Nós, fiéis seguidores do Furacao.com (e agora mais fiéis ainda, diante da concorrência apresentada), fomos agraciados com texto da lavra do ilustre atleticano Mauro Holzmann que, por anos, dedicou-se brilhantemente à causa atleticana.
Porém, contudo, todavia e entretanto (adoro!), não há como concordar com a integralidade da mensagem enviada pelo nobre torcedor.
Disse o articulista que nosso Furacão padece de uma espécie de ‘excesso de cornetagem congênita’, que causaria uma influência direta na atuação de diversos jogadores que por aqui passaram.
Cita alguns, especificamente: Cristian, Jorge Henrique, Viáfara e Edno.
E o ponto nevrálgico de minha discordância quanto ao ponto de vista apresentado se situa, justamente, na pouca (ou nenhuma) influência, que nós, corneteiros convictos, possuímos na escalação do time. E isso desde sempre.
Evidente que, por mais fraco que sopre o vento, sempre forma uma marolinha. Só que, tal fenômeno jamais foi capaz de atingir a convicção dos enraízados treinadores que aqui já desempenharam suas atividades.
Ou seja, o que quero dizer é que se, por muitas vezes, houve má aproveitamento do material humano disponibilizado, foi por única e exclusiva incompetência daqueles que, à época, eram quem distribuíam as camisas no CAP.
Usemos o exemplo do Edno. Quem não se lembra de que era ele subutilizado, tal qual Wesley o é hoje, na lateral, ao invés da sua posição original, como meia-atacante.
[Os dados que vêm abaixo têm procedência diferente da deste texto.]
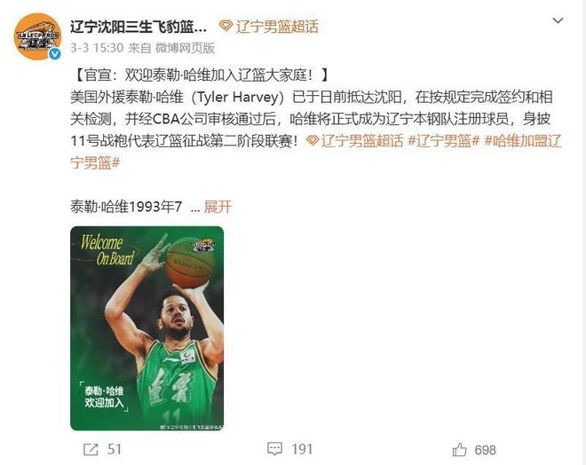昨天遼寧隊官宣了新外援布羅金頓,此前在3月3日官宣了新外援泰勒-哈維,這兩名小外援的加入將會很大程度上加強遼寧隊的后衛線,幫助球隊進入季后賽并且在季后賽里走得更遠。本賽季至今遼寧隊更換了多名外援,先后裁掉杰隆-布朗、奧利弗和亨特,新簽這兩名外援后如果不發生傷病或其他較大的變故,這個賽季應該不會更換新的外援了。
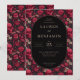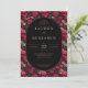 Este convite de casamento apresenta um tema gótico-romântico marcante com um padrão intricado de flores e caveiras contra um fundo preto. O design exibe vermelhos profundos, rosas suaves e cinzas escuros, criando uma atmosfera macabra, porém elegante. Uma moldura oval centraliza o texto, que é apresentado em uma fonte serifada formal, realçando a vibe tradicional de casamento, ao mesmo tempo em que adiciona um toque único e ousado. Perfeito para casais que buscam um visual memorável e distinto, este convite combina beleza com morbidade para celebrar seu dia especial.

O fato é que, sofremos muito em mãos inábeis.
Não quero, aqui, tecer crítica alguma quanto à escolha deste ou daquele treinador, sabedor que sou da dificuldade crescente em localizar boas e viáveis opções.
Só não posso deixar de me manifestar quanto ao equívoco cometido por um membro de tão alta estirpe, ‘data maxima venia’.
É duro, meu caro Mauro, ver nosso Furacão maltrado em mãos que, além de pouco competentes, às vezes se mostram mal-intencionadas.
É sofrido olhar para a atual escalação do Atlético e ver um Chico e um Rafael Miranda, além de um Alex Mineiro cansado de guerra.
É angustiante olhar para o banco e ver Raul, Wallyson, Fransérgio, Pimba e Patrick babando de vontade para ajudar.